(Task to complete) What is needed is an exact copy of the entries below, from the line that contains "Use the Owner" through the final line, both included, and nothing else.

[Saved data entries]
......
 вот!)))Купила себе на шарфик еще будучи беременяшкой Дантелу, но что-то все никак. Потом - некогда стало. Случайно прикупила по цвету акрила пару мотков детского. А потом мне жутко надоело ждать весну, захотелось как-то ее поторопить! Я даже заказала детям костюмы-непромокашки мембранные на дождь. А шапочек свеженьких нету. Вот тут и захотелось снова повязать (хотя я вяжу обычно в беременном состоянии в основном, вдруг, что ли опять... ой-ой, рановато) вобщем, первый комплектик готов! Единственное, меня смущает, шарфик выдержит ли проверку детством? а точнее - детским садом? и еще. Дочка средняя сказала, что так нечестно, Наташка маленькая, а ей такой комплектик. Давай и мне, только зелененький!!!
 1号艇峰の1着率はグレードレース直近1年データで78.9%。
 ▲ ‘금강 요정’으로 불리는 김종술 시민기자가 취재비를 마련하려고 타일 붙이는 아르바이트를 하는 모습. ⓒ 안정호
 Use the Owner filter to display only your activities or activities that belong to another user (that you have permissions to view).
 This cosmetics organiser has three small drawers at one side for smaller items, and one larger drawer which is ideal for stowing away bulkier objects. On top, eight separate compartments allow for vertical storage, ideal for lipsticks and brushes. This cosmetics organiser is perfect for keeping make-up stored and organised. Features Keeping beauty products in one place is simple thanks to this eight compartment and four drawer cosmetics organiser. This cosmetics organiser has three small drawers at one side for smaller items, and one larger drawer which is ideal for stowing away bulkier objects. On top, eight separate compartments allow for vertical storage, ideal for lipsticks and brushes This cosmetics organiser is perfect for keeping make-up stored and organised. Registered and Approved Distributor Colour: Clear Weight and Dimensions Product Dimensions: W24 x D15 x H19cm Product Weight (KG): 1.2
......
(Completed exercise)
 Use the Owner filter to display only your activities or activities that belong to another user (that you have permissions to view).
 This cosmetics organiser has three small drawers at one side for smaller items, and one larger drawer which is ideal for stowing away bulkier objects. On top, eight separate compartments allow for vertical storage, ideal for lipsticks and brushes. This cosmetics organiser is perfect for keeping make-up stored and organised. Features Keeping beauty products in one place is simple thanks to this eight compartment and four drawer cosmetics organiser. This cosmetics organiser has three small drawers at one side for smaller items, and one larger drawer which is ideal for stowing away bulkier objects. On top, eight separate compartments allow for vertical storage, ideal for lipsticks and brushes This cosmetics organiser is perfect for keeping make-up stored and organised. Registered and Approved Distributor Colour: Clear Weight and Dimensions Product Dimensions: W24 x D15 x H19cm Product Weight (KG): 1.2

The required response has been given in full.